The Ashdod Port, no stranger to controversy and allegations of corruption, has sent six employees to Holland to examine a potential tugboat for purchase. The problem, however, is that a model of the exact same boat could have been examined here in Israel, just a few miles south of Ashdod in Ashkelon.
A delegation of port workers flew to Rotterdam two weeks ago, spending four days in Holland. Four out of the six employees sent on the trip are officials of the union in the port. The purpose of the visit was to examine a tugboat, estimated to cost 12 million euro.

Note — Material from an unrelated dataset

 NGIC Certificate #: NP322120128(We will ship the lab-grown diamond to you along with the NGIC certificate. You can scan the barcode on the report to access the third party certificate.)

But it turns out that the very same - unique - tugboat can also be found just a few miles south of the Ashdod Port. The The Eilat Ashkelon Pipeline Company recently bought a similar tug for its port at the southern end of Ashkelon, and another similar ship can be found in the coal unloading port at the Israel Electric Corporation's power plant in Hadera. Even though the Ashdod Port could have asked to borrow one of these ships for a short period and test it under the appropriate conditions in the port itself, the management of the Ashdod Port chose to send the delegation overseas, and at the taxpayer's expense.

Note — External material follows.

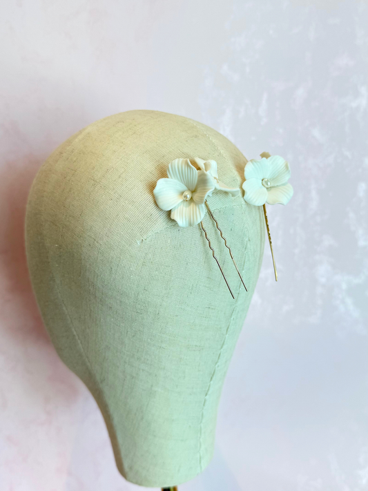 Tocados de Novia, Pines de Porcelana, con Cristales y Perlas

Port industry sources say the tugboat examined in Holland is not even appropriate for the conditions of the Ashdod Port. The ship has azimuth thrusters, which are more appropriate for ocean-going tugs or for shallow ports, said the sources. The azimuth thrusters are very powerful but come at the expense of maneuverability. This is also the reason such tugs were purchased for the open ports in Hadera and Ashkelon.
Instead, tugboats that are better able to maneuver in crowded port conditions are favored at commercial sea ports, which are relatively well-protected by breakwaters.
The industry sources assume that in the end the Ashdod Port will decide not to buy such a tug in any case, and the trip will certainly have been a waste of money. It seems the trip was more of perk for the employees, they said.
Two months ago, Ashdod Port CEO Shuki Sais complained that Gideon Siterman, chairman of Ashdod Port Company Ltd., was involved in the purchase. Siterman retorted by accusing Sagis of delaying the purchase, which he said could threaten the port's operations, and forced management to stay on schedule regarding the acquisition.
An official in the management of the Ashdod Port said "A professional delegation headed by the vice president of operation, terminals and marine went to Amsterdam for two-and-a-half days to examine a number of types of tugboats, most of which are not found in Israel. This was a professional delegation that included the port's senior pilot, two experienced tugboat captains, an engineering officer with 20 years of experience and a tugboat mechanic."